The New Yorker: “…Doctorow, who is fifty-one, grew up in Toronto, the descendant of Jewish immigrants from what are now Poland, Russia, and Ukraine. Before becoming a novelist, he co-founded a free-software company, served as a co-editor of the blog Boing Boing, and spent several years working for the nonprofit Electronic Frontier Foundation. Our first conversation, in late 2020, took place just after he had published the novel “Attack Surface,” part of his Little Brother series; it dramatizes the moral conflict of cybersecurity insiders who try to strike a balance between keeping their jobs and following their consciences. The second time we spoke, Doctorow told me that he had eight books in production. “I’m the kind of person who deals with anxiety by working instead of by being unable to work,” he explained, when I asked how he was handling the ongoing pandemic. Among those eight books were “Chokepoint Capitalism,” co-written with the law professor Rebecca Giblin and published this past September, and “Red Team Blues,” a novel set in the world of cryptocurrency, which will come out in April. In the course of two interviews, Doctorow discussed the right and wrong lessons that one can learn from science fiction, the real dangers of artificial intelligence, and the comeuppance of Big Tech, among other topics. Those conversations have been edited for length and clarity…”

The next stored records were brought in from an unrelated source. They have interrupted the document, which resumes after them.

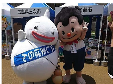
キャラクターフェスティバルinすみだ
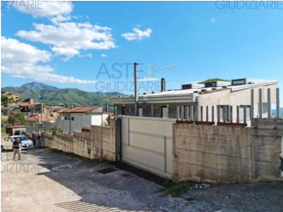
Cancello d'ingresso carrabile e pedonale, lato nord.
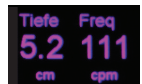
Figure 1. CPR Dashboard Anzeige für Tiefe und Frequenz. Im deutschsprachigen Raum finden sich hier cm-Angaben

Endlich ist Licht am Ende des Tunnels. Die ZOLL R Series mit dem "CPR Dashboard™" schaltet automatisch auf pädiatrische Anzeigen um. Es wird nun die tatsächliche Kompressionstiefe und -frequenz in Echtzeit angezeigt. (Figur 1)
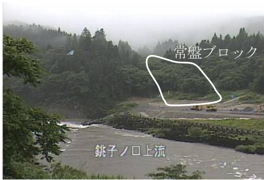
写真. 7 阿賀川増水前 (7. 28)
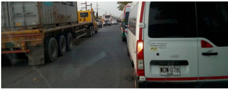
Vía a Mamonal. // Cortesía

Y agregó: "Estamos diciéndole a Ecopetrol que el sistema de salud se respeta porque está acordado en la Convención Colectiva de Trabajo. (...) Si hay que hacer alguna modificación es para avanzar y mejorar. Ojalá el pueblo de Cartagena se uniera. Hoy nos toca pelear a nosotros y vamos a seguir haciéndolo porque no nos pueden menoscabar nuestros derechos".

Google is a company that’s only made one-and-a-half successful products in its entire history. It made a search engine and a Hotmail clone, and everything else that it’s done that’s successful it bought from someone else. The only way it was able to build a good video service was by buying YouTube. This is why merger scrutiny is such a big deal, because these companies are not built by super geniuses who use their access to the capital markets to build these impregnable businesses which no one else can assail. They are regular, venal mediocrities who use their access to the capital markets to buy everyone who might threaten them. If there’s merger scrutiny, that just stops happening. My best hope for the next three years is that we win against Big Tech, then we take on Big Everything Else. My more realistic one is, over three years, it’s probably not going to get to the point where we break up Big Tech. But I do think that we will have at least one major interoperability mandate in one major market—that would be the U.S., the European Union, or India. I think it’s quite possible that there will be interoperability mandates in China…”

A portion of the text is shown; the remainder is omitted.